Information shown START

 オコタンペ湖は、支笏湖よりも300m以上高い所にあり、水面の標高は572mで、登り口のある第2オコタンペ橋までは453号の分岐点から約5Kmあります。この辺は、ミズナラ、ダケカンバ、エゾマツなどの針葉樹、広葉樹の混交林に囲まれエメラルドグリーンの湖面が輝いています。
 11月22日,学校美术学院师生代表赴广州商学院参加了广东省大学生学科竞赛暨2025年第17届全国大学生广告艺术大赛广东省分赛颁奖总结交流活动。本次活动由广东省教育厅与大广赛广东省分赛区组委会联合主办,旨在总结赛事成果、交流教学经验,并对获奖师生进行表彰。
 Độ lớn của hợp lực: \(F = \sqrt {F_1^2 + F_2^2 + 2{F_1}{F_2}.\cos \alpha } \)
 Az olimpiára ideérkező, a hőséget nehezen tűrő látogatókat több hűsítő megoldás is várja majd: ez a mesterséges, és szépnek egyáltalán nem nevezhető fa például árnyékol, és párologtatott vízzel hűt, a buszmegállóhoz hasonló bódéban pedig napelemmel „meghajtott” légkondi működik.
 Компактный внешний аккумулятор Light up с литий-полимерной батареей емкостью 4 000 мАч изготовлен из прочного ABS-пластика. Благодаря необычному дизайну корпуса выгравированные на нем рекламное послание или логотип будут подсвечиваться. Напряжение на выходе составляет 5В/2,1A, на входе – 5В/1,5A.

Information shown END
Information shown START

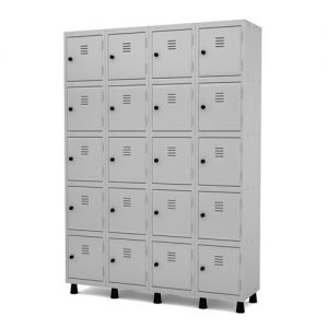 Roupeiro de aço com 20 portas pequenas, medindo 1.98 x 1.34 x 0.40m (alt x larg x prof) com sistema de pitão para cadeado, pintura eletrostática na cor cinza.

Information shown END

**Task requirements**: Starting with the line with "Az olimpiára ideérkező, a" above and going on through the line with "Компактный внешний аккумулятор", transcribe every line exactly, both ends included, and add nothing.

**Answer to this task**:
 Az olimpiára ideérkező, a hőséget nehezen tűrő látogatókat több hűsítő megoldás is várja majd: ez a mesterséges, és szépnek egyáltalán nem nevezhető fa például árnyékol, és párologtatott vízzel hűt, a buszmegállóhoz hasonló bódéban pedig napelemmel „meghajtott” légkondi működik.
 Компактный внешний аккумулятор Light up с литий-полимерной батареей емкостью 4 000 мАч изготовлен из прочного ABS-пластика. Благодаря необычному дизайну корпуса выгравированные на нем рекламное послание или логотип будут подсвечиваться. Напряжение на выходе составляет 5В/2,1A, на входе – 5В/1,5A.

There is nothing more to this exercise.